Tive um namorado que sei que ficou muito chateado quando veio me visitar num final de semana habitual e eu “fugi” dele. Ficou muito calado, ofendido acho. Não era de muitas palavras e não foi capaz de me perguntar o que se passava e eu não tive coragem de lhe dizer a razão de tudo isso. É fácil dizer que devia ou podia ter feito de outra forma mas fiz desta e, dadas as circunstâncias, foi a melhor decisão. Talvez isso tenha sido o início dele começar a “deixar” a nossa relação, acho eu agora à distância. Não fizemos amor nesse final de semana e eu não consegui ter a coragem de lhe dizer que tinha esquecido de tomar a pílula e a médica achou melhor ficar uns dias “determinados sem arriscar”. Não disse, não quis arriscar, nem quis que a decisão fosse dos dois pela simples razão que se engravidasse o problema passaria a ser meu. E eu nunca quis que uma gravidez fosse um problema. Soube de demasiadas situações desumanas. Outras desconfortáveis. Outras destruidoras. Inacreditáveis.


Crianças, adolescentes e adultos vivos que estão vivos porque as mães os quiseram e lutaram por isso, porque se fosse da vontade dos pais, tinham abortado. Alguns até marcaram e levaram as mulheres aos consultórios, tentando resolver “o problema”. E as mulheres recusaram, sempre, batendo com a porta. E hoje são pais babados quando alguém elogia seus filhos. Outros, enquanto namorados, e de comum acordo com sua mãe (leu bem), exigem o aborto por não ser a melhor altura para a sua carreira, vida, sei lá eu. E, espantem-se, continuam a namorar, casam, têm vários filhos e tudo certo. Parecem filmes de terror né? Mas são a vida, bem do lado. E isto é só uma amostra.

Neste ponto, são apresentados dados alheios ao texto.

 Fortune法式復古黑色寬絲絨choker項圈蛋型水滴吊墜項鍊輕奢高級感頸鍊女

Falar e opinar sobre o aborto, todos somos exemplares. Na hora da verdade é que se vê...ou deixa de se ver porque desaparecemos como fumo...

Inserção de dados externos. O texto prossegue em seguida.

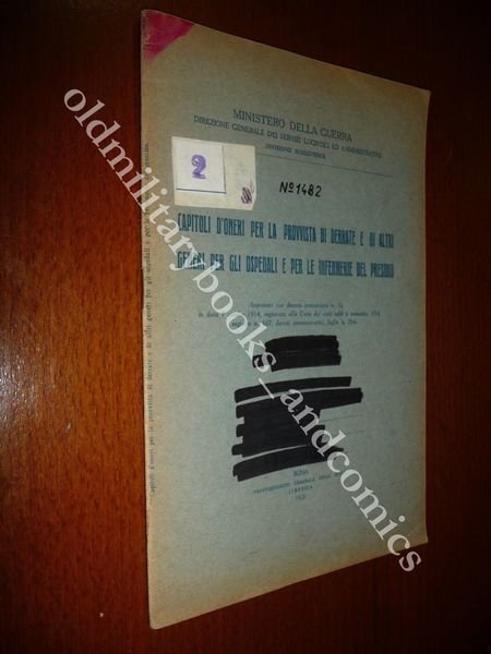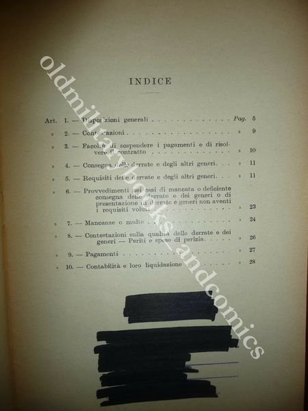 DESCRIZIONE: Ministero della Guerra Provveditorato Generale dello Stato Roma 1926, br. ed. pp. 29, in 8°. Interessante pubblicazione del R.E. che tratta in maniera dettagliata del capitolato tecnico che prevede: contestazioni, sospensione dei pagamenti, requisiti delle derrate, mancanze o multe etc. Indice completo in foto. CONDIZIONI: Discrete/Buone, vol. che presenta dei segni di pennarello in cop. ed all'antiporta, ed un timbro in terza pagina. PESO / WEIGHT: 45 gr. without package

Existe uma tendência para se imaginar que a mulher que decide fazer um aborto é alguém que não respeita a vida humana, que só se quer divertir, que não é religiosa, nem de boas famílias. Que não presta. Que é egoísta. Etc. Etc. Etc. Ui, ui, ui. Desejemos sempre que as circunstâncias da vida nos permitam nunca ter de avançar para territórios difíceis, duros e aterradores.


Eu sempre aconselho o filme “Vera Drake” ou “O Segredo de Vera Drake” para as pessoas pararem de falar na teoria e se preocuparem com a realidade.


Existem muitos outros pontos de vista mas vou deixar um que é capaz de ser bom que pensemos nele sempre que temos muitas certezas: “No lugar daquela pessoa o que eu faria? Não como conversa teórica, não! Na real! O que eu faria, com o dinheiro que tenho, com os amigos e família que tenho, no lugar onde vivo e a pessoa que eu quero ser?” Não esqueça...é na real, porque no faz de conta tudo termina sempre bem e todos são felizes para sempre.